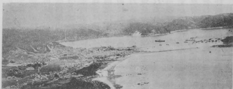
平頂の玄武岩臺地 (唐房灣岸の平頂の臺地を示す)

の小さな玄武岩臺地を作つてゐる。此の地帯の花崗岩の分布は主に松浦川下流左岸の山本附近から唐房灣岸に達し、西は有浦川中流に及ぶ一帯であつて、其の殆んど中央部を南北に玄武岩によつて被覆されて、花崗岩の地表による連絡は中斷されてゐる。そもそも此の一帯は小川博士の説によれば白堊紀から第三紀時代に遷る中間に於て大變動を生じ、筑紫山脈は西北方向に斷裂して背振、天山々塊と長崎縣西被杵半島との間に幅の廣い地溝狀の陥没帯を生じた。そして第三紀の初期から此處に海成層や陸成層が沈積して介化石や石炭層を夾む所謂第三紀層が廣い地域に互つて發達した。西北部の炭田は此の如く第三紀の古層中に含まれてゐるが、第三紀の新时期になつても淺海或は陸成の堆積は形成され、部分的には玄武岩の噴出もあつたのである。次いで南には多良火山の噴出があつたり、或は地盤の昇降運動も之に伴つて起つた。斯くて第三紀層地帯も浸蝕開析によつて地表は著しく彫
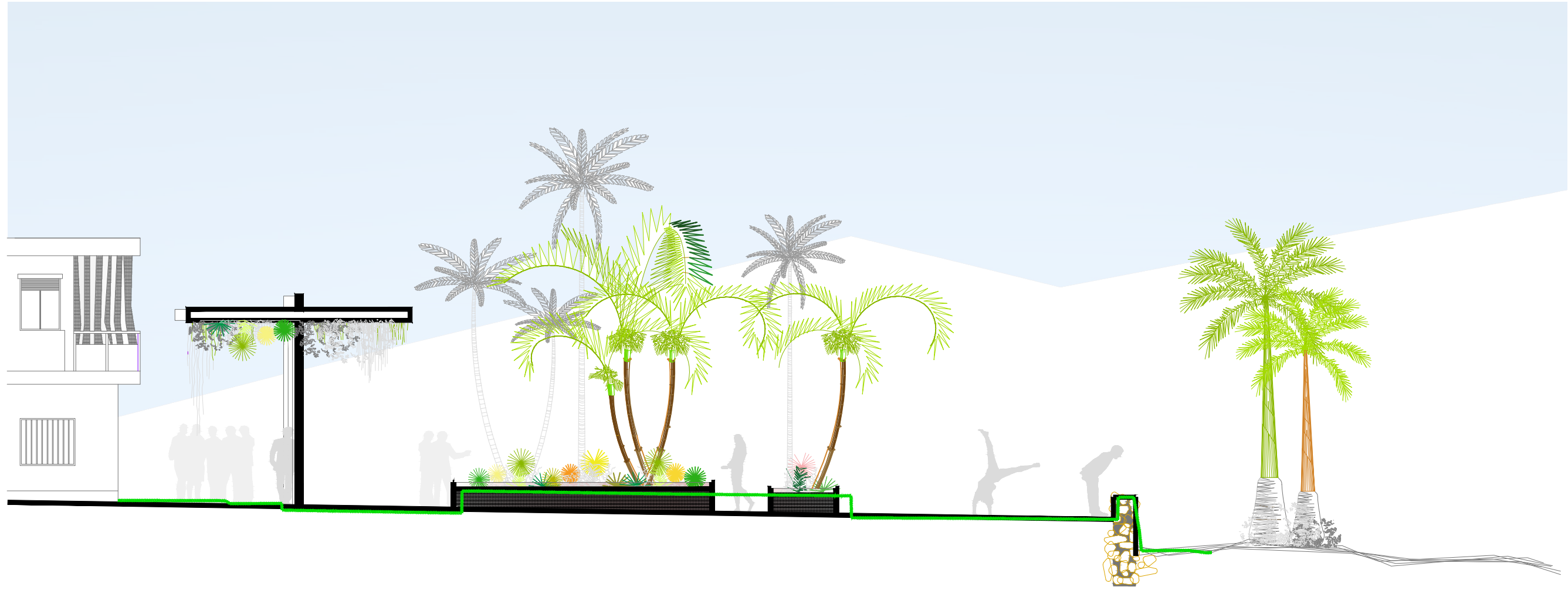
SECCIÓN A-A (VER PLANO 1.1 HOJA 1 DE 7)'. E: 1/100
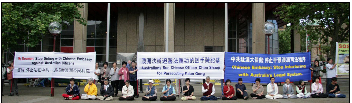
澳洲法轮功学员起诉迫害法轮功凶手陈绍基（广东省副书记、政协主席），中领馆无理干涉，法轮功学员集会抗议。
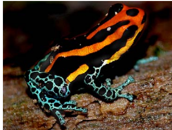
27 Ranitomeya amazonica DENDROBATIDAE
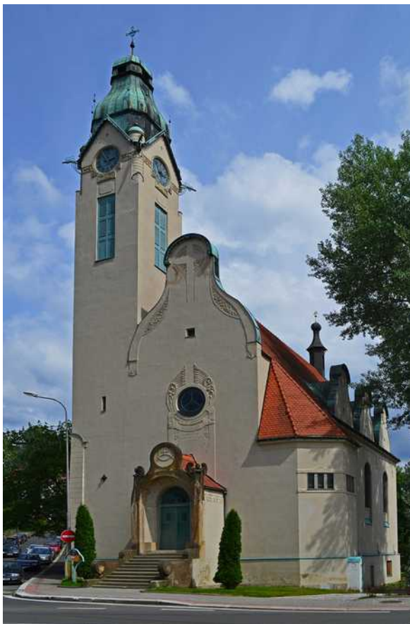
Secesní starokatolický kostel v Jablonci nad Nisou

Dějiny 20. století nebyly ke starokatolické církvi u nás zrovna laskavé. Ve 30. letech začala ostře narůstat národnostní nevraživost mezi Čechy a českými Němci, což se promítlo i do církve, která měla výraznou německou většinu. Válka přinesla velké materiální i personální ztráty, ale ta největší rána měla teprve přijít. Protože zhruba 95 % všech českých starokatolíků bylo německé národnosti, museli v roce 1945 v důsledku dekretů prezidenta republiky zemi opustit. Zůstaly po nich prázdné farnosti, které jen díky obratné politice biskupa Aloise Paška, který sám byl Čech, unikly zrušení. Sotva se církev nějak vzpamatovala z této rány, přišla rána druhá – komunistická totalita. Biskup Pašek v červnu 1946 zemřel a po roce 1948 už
+---+
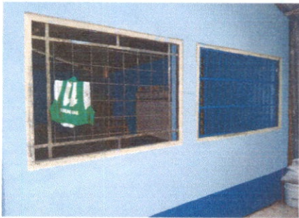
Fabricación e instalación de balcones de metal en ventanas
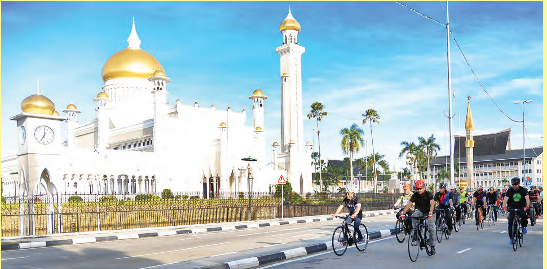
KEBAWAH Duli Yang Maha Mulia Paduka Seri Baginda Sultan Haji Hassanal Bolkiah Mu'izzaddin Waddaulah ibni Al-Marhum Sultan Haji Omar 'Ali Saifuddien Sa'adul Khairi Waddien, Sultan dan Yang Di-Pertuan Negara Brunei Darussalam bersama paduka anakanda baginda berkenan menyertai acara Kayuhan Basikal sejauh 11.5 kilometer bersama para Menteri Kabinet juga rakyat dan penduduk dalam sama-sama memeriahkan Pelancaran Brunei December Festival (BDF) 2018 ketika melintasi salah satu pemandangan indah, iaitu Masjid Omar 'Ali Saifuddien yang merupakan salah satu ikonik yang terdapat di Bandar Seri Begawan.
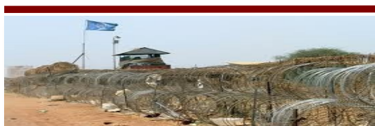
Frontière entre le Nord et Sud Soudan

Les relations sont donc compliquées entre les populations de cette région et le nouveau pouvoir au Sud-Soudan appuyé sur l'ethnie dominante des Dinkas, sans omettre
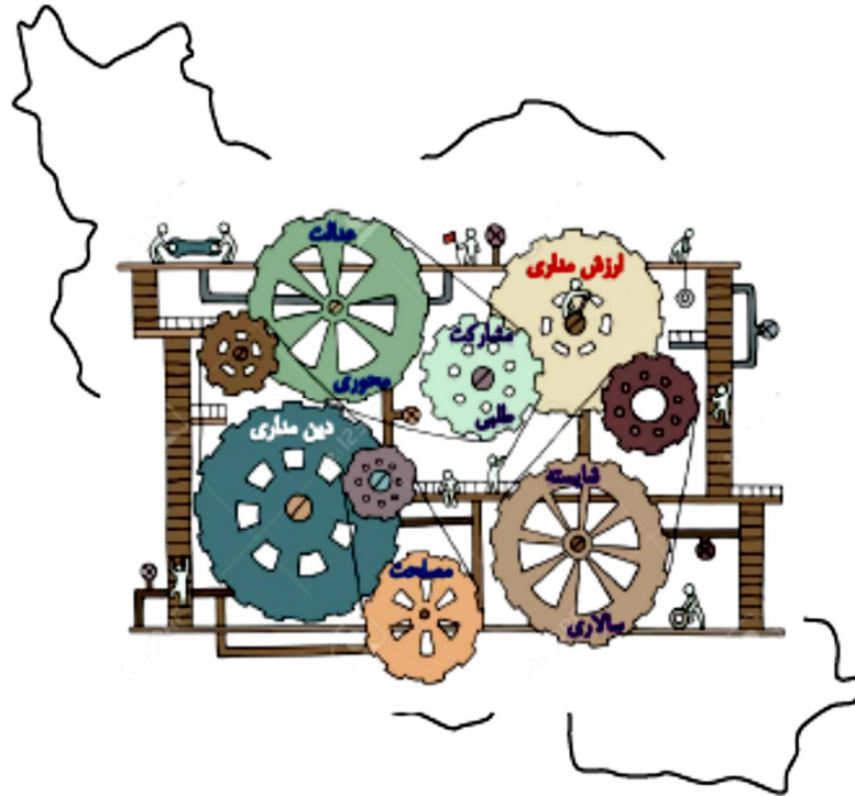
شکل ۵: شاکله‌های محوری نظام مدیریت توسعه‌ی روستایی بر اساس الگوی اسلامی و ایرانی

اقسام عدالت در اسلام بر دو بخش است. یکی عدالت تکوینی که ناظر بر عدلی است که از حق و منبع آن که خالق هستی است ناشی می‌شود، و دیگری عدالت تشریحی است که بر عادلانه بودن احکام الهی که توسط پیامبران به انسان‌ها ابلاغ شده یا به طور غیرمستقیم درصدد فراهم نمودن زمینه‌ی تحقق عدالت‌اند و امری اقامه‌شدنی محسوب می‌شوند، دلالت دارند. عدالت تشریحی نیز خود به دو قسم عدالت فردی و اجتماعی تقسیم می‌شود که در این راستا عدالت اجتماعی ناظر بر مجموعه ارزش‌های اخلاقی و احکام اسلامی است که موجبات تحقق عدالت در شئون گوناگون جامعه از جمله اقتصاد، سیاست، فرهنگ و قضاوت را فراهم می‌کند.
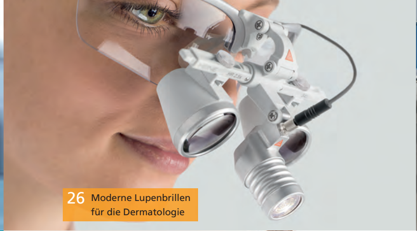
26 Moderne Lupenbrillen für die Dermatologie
+---+
→ **WHAT YOU HAVE TO DO**: In the material above, one part opens with the line containing "澳洲法轮功学员起诉迫害法轮功" and closes with the line containing "Secesní starokatolický kostel". Write out that part exactly and skip its pictures.

→ **ANSWER SECTION**:
澳洲法轮功学员起诉迫害法轮功凶手陈绍基（广东省副书记、政协主席），中领馆无理干涉，法轮功学员集会抗议。
27 Ranitomeya amazonica DENDROBATIDAE
Secesní starokatolický kostel v Jablonci nad Nisou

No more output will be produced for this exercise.